**DATA BELOW**
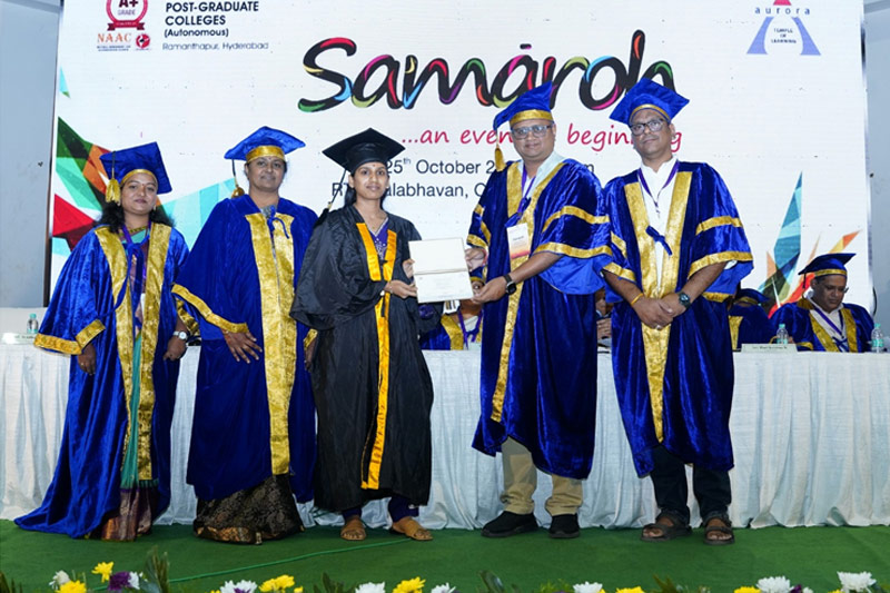 Mr Anudeep Arora, the Chairman of Aurora Group of Colleges, shared leadership lessons rooted in perseverance and ethics, reflecting Aurora's journey and values. The spiritual highlight was the presence of ‘Mahasahasravadhani, Pravachana Kiriti’ Dr Garikapati Narasimha Rao, who inspired students with profound reflections on character, discipline, kindness and guiding principles for their future. As pioneers of the first autonomous batch of Aurora, the graduates stand ready to explore new horizons, grounded in knowledge, morals and resilience. Aurora Ramanthapur wishes them a future filled with success and happiness!
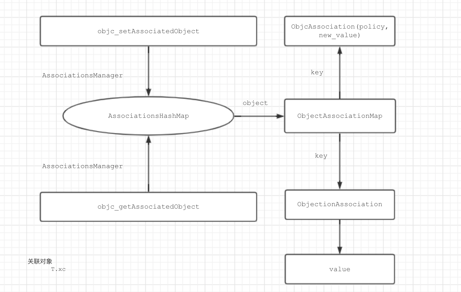 AssociationsManager: 关联对象的管理类AssociationsHashMap: 存储关联对象的HashMapObjectAssociationMap: 存储确定对象的表ObjecAssociation: 表中存储的最小结构,存储值和策略
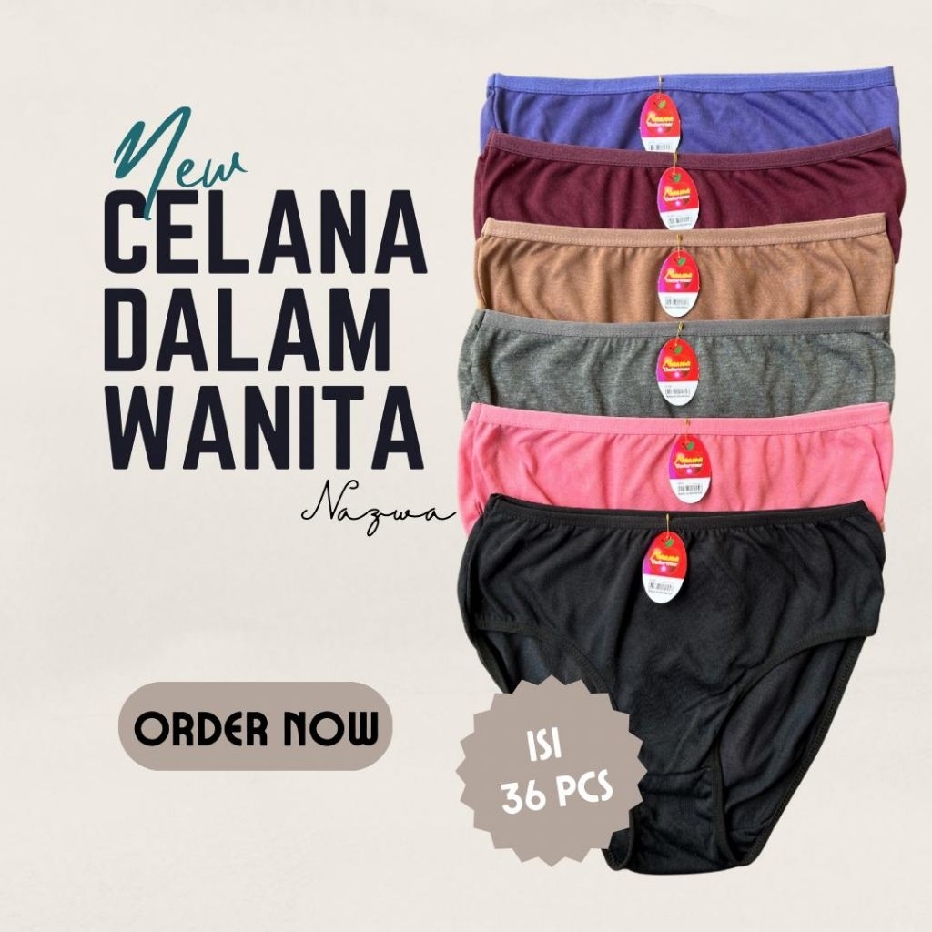 3 Lusin Murah Celana Dalam Wanita Dewasa CD Winalin/Nazwa 36 Pcs Katun Polos Lembut CD Cewek Warna Terang Gelap

**TRY IT**
Give back the material word for word, leaving out its pictures.

**RESPONSE**
 Mr Anudeep Arora, the Chairman of Aurora Group of Colleges, shared leadership lessons rooted in perseverance and ethics, reflecting Aurora's journey and values. The spiritual highlight was the presence of ‘Mahasahasravadhani, Pravachana Kiriti’ Dr Garikapati Narasimha Rao, who inspired students with profound reflections on character, discipline, kindness and guiding principles for their future. As pioneers of the first autonomous batch of Aurora, the graduates stand ready to explore new horizons, grounded in knowledge, morals and resilience. Aurora Ramanthapur wishes them a future filled with success and happiness!
 AssociationsManager: 关联对象的管理类AssociationsHashMap: 存储关联对象的HashMapObjectAssociationMap: 存储确定对象的表ObjecAssociation: 表中存储的最小结构,存储值和策略
 3 Lusin Murah Celana Dalam Wanita Dewasa CD Winalin/Nazwa 36 Pcs Katun Polos Lembut CD Cewek Warna Terang Gelap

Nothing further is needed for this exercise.